Damaged microtubules can inactivate BCL-2 by means of the mTOR kinase

• Published in: Oncogene Vol. 20; no. 43; pp. 6172 - 6180
• Main Authors: CALASTRETTI, Angela, BEVILACQUA, Anna, CERIANI, Cristina, VIGANO, Simona, ZANCAI, Paola, CAPACCIOLI, Sergio, NICOLIN, Angelo
• Format: Journal Article
• Language: English
• Published: Basingstoke Nature Publishing 27.09.2001; Nature Publishing Group
• Subjects: Alzheimer's disease; Apoptosis; Apoptosis - drug effects; Bcl-2 protein; Biological and medical sciences; Blotting, Western; Cell cycle; Cell Cycle - drug effects; Cell Cycle Proteins - metabolism; Cell Division; Cell growth; Cell lines; Cell physiology; Cyclin-Dependent Kinase Inhibitor p27; Diploidy; Dose-Response Relationship, Drug; Electrophoresis, Polyacrylamide Gel; Enzyme Activation; Flow Cytometry; Fundamental and applied biological sciences.

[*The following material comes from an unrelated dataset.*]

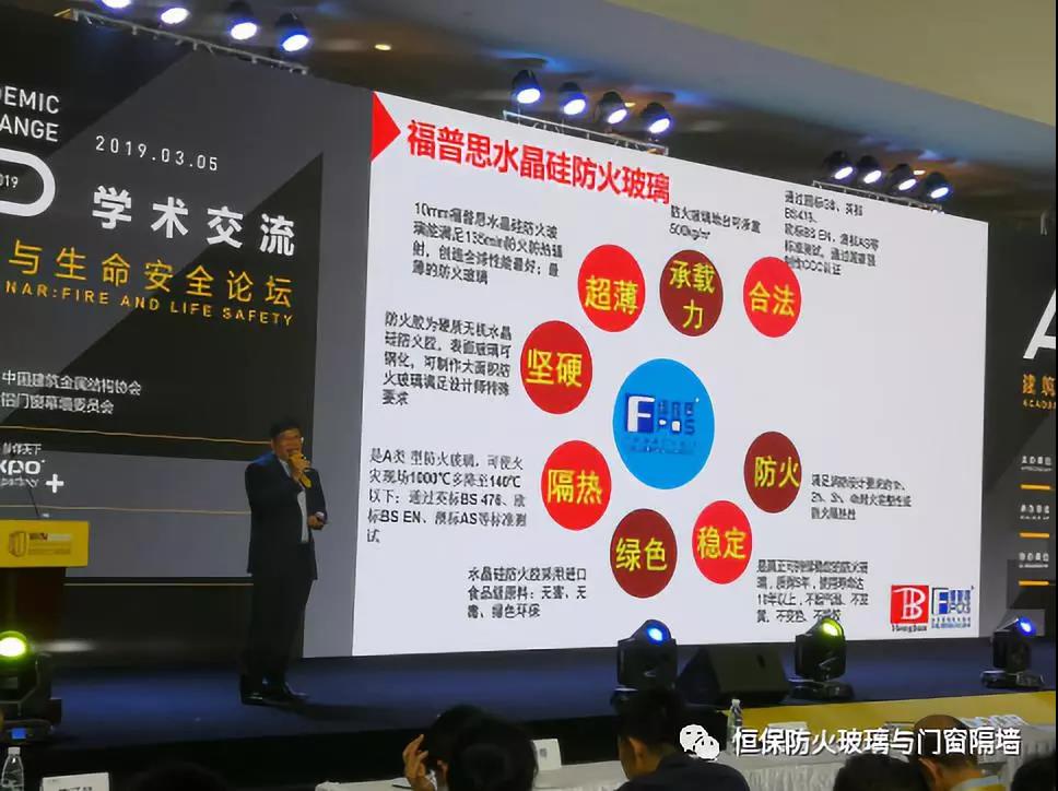 在這次展會(huì)中,恒保公司榮獲兩大獎(jiǎng)項(xiàng),獲各界客商對(duì)恒保的肯定和實(shí)力的彰顯。在第25屆鋁門窗幕墻新產(chǎn)品博覽會(huì)歡迎晚宴暨第5屆中國(guó)門窗幕墻創(chuàng)新星品獎(jiǎng)?lì)C獎(jiǎng)典禮中,鶴山恒保榮獲2019年度“創(chuàng)新新品獎(jiǎng)”。3月5日上午,陳沃林總經(jīng)理并在星品匯現(xiàn)場(chǎng)演講《CCC認(rèn)證超大甲級(jí)防火窗(地鐵高鐵控制室觀察窗)》。恒保GFC3020超大甲級(jí)防火窗,具有非常好的防火隔熱性能,完全滿足甲級(jí)防火窗的要求,且10年以上不發(fā)黃、不發(fā)白穩(wěn)定可靠。認(rèn)證尺寸寬3000mm高2000mm,是目前中國(guó)已獲國(guó)家檢驗(yàn)報(bào)告和CCC強(qiáng)制性認(rèn)證的單塊玻璃尺寸最大的防火窗;整窗都滿足防火完整性和隔熱性1.5小時(shí)的要求,既符合建筑設(shè)計(jì)防火規(guī)范條例,又滿足窗的通透性,美觀實(shí)用。完美解決了地鐵高鐵消防控制室超大甲級(jí)防火觀察窗合法化的問題,是地鐵高鐵等重要場(chǎng)所設(shè)備用房的防火觀察窗必選產(chǎn)品。

Psychology; Humans; Kinases; Lymphocytes B; Lymphoma; Metaphase; Microtubules; Microtubules - drug effects; Microtubules - metabolism; Molecular and cellular biology; mRNA; Nocodazole; Nocodazole - pharmacology; Paclitaxel; Paclitaxel - pharmacology; Phosphorylation; Phosphorylation - drug effects; Protein Kinases - metabolism; protein-serine/threonine kinase; Proteins; Proto-Oncogene Proteins c-bcl-2 - metabolism; Rapamycin; RNA, Messenger - metabolism; Signal transduction; Signal Transduction - drug effects; Sirolimus - pharmacology; Synchronization; Threonine; TOR protein; TOR Serine-Threonine Kinases; Tumor Cells, Cultured; Tumor Suppressor Proteins; Italy; Microtubule; Inactivation; Enzyme; Kinase; Transferases
• ISSN: 0950-9232; 1476-5594
• DOI: 10.1038/sj.onc.1204751

Rapamycin, a specific inhibitor of the serine/threonine mTOR kinase, markedly inhibited both cell growth and apoptosis in human B-cell lines. Besides arresting cells in G(1) by increasing p27(kip1), rapamycin tripled the cellular level of the BCL-2 protein. The activity was dose-dependent and specific for the p27(kip1) and BCL-2 proteins. Rapamycin did not affect bcl-2 mRNA although it increased cellular BCL-2 concentration by inhibiting phosphorylation, a mechanism initiating the decay process. To add new insight, we combined rapamycin treatment with treatment by taxol, which, by damaging microtubules, can phosphorylate BCL-2 and activate apoptosis. It was found that the mTOR kinase was activated in cells treated with taxol or with nocodazole although it was inhibited in cells pre-treated with rapamycin. BCL-2 phosphorylation, apoptosis and hyperdiploidy were also inhibited by rapamycin. In contrast, taxol-induced microtubule stabilization or metaphase synchronization were not inhibited by rapamycin. Taken together, these findings indicate that mTOR belongs to the enzymatic cascade that, starting from damaged microtubules, phosphorylates BCL-2. By regulating apoptosis, in addition to the control of a multitude of growth-related pathways, mTOR plays a nodal role in signaling G(1) and G(2)-M events.